The below preconditions are taken directly from the ANZICS Statement.
- "Brain death cannot be determined without evidence of sufficient intracranial pathology". There must be an explanation for the coma which is consistent with the diagnosis of brain death.
- Minimum period of 4 hours in which the patient is observed to have unresponsive coma, unreactive pupils, absent cough/tracheal reflex and no spontaneous respiratory effort
- Exclusion of the effects of sedating drugs
- Absence of severe electrolyte, metabolic or endocrine disturbance
- Intact neuromuscular function
- Ability to adequately examine brainstem reflexes
- Ability to perform apnoea testing
Four hours of observation during which the patient remains in unresponsive coma
- GCS of 3
- Unresponsive pupils
- Absent cough reflex
- No spontaneous breathing efforts
Preconditions for apnoea testing
- Absence of concomitant high cervical cord injury
- Normoxia; satisfactory gas exchange
- Haemodynamic stability
- Absent brain stem reflexes
Testing for unresponsive coma
- Painful stimulus in cranial nerve distribution, eg. supraorbital nerve pressure
- Painful stimulus in all 4 limbs, eg. nailbed pressure
- There should be no response
Brain Stem Reflex Testing (these are tested in sequence; all reflexes must be absent)

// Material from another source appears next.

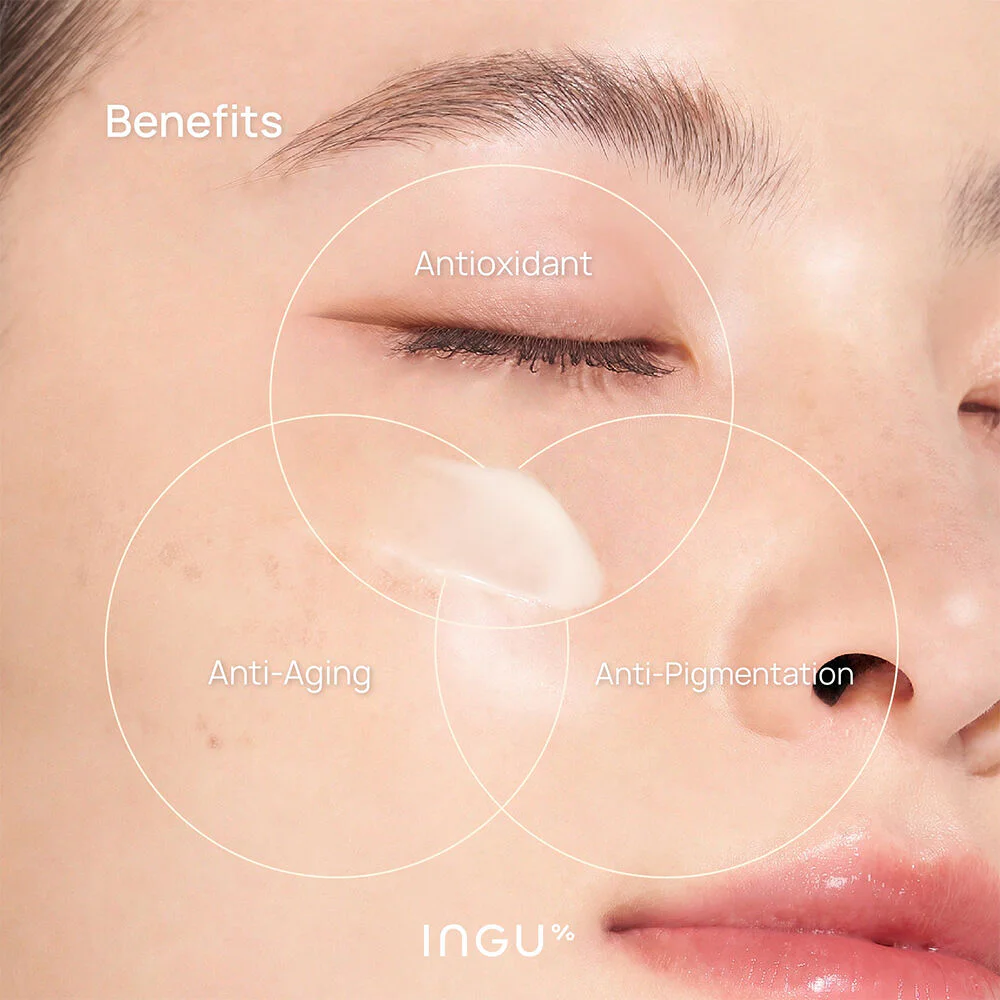 INGU Vitamin C AOX Glowing Serum 30ml A concentrated facial serum with a light texture that absorbs quickly and leaves skin feeling comfortable. Enriched with Thai basil extract, it soothes the skin and combines Vitamin C & E in an encapsulation form to help maintain its nourishing effectiveness throughout the day. Enhanced with Venuceane™ deep sea extract and Pollustop® innovation, it helps restore and protect skin damaged by UV rays, dust, smoke, and pollution, revealing smooth, radiant, healthy, and vibrant skin.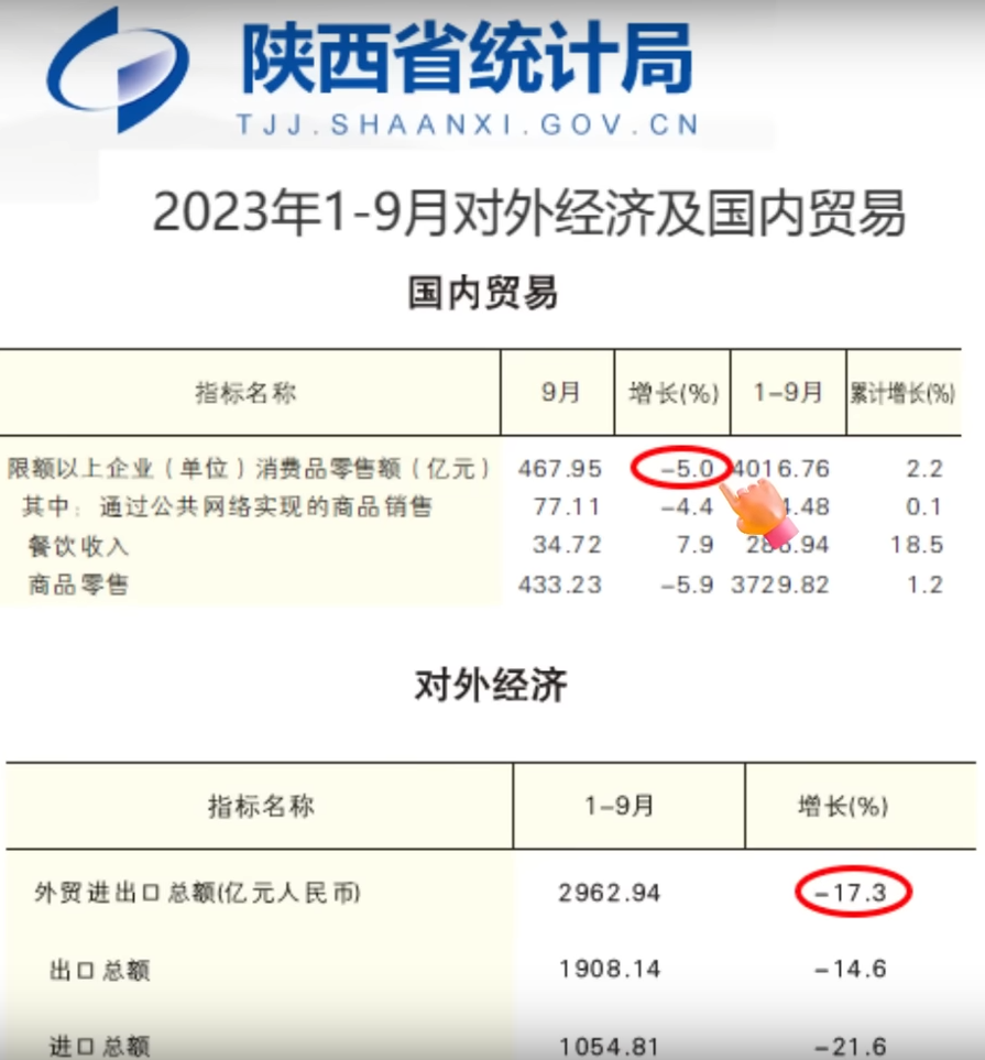 接下来是消费数据。我依然直接给出陕西省统计局的官网截图,陕西省发布的是限额以上消费数据,也就是有规模的消费企业的零售数据,9月份同比下降5.0%**,前三季度合起来也就是增长了2.2%而已。这个数据惨到什么程度呢?跟全国的数据对比一下,9月份全国限额以上消费数据增幅5.2%,前三季度的累计增幅是5.9%。也就是说在全国消费还维持着正增长的情况下陕西率先实现了消费萎缩,其实今年的消费有一定增长是很正常的,毕竟去年下半年全国新冠大爆发,很多城市一封就是几个月,火灾了都不许下楼,西安去年的封控政策在执行层面也极其严厉,2022年9月底西安还有两个高风险区和5个中风险区,这意味着西安当时的消费和旅游活动受到了极大的限制,外地人一下高铁要么就自费隔离七天要么就得被原地遣返。然而即使是这样,陕西今年9月的消费数据依然比不上去年9月份,这真是萧条到过不下去的程度了。**

- Pupil Light Reflex: CN II, III
- Corneal Reflex: CN V, VII
- Trigeminal Pain: CN V, VII
- Vestibulo-ocular reflex: CN II, IV, VI, VIII
- Gag reflex: CN IX, X
- Cough reflex: CN X
- Preoxygenate with 100% FiO2 for 5 minutes, and then turn off the ventilator.
- Continue supplying oxygen via T-piece or something similar. Watch for absent breaths.
- After 10 minutes, take an ABG to demonstrate that the CO2 is rising.
- To qualify for brain death, apnoea must persist despite adequate respiratory stimulus (PaCO2 60mmHg, or a rise by 20mmHg)
Investigations used to demonstrate a lack of intracranial blood flow are slightly different to those which might be used to demonstrate brain death, as the lattercategory may include such things as EEG (isoelectric EEG).
The imaging modalities are discussed in greater detail in the chapter on radiological testing for brain death.
In brief, the ANZICS-recommended modalities are:
- Tc-99 HMPAO SPECT scan
- DSA (Four-vessel Intra-Arterial Angiography)
Modalities which are not recommended as strongly include:
- CT angiography
- Transcranial doppler
The college says CT angio "may be acceptable", but in fact it is not. The argument againt CT angiography is the gated timing of the scan. Whereas DSA watches contrast wash in over time in a series of still images, the CT offers a momentary snapshot of that contrast in the vessels. One might argue that the CT was mis-timed, and the contrast did not yet have time to move into the brain (in this way, perfectly healthy people could be made to appear brain-dead by adjusting the timing of the scan). Obviously, when one is going to declare brain death, there needs to be no argument about the validity of the confirmatory test. The 2014 Cochrane review (Taylor et al) could not support the use of CTA.
Taylor, Tim, et al. "Computed tomography (CT) angiography for confirmation of the clinical diagnosis of brain death." The Cochrane Library (2014).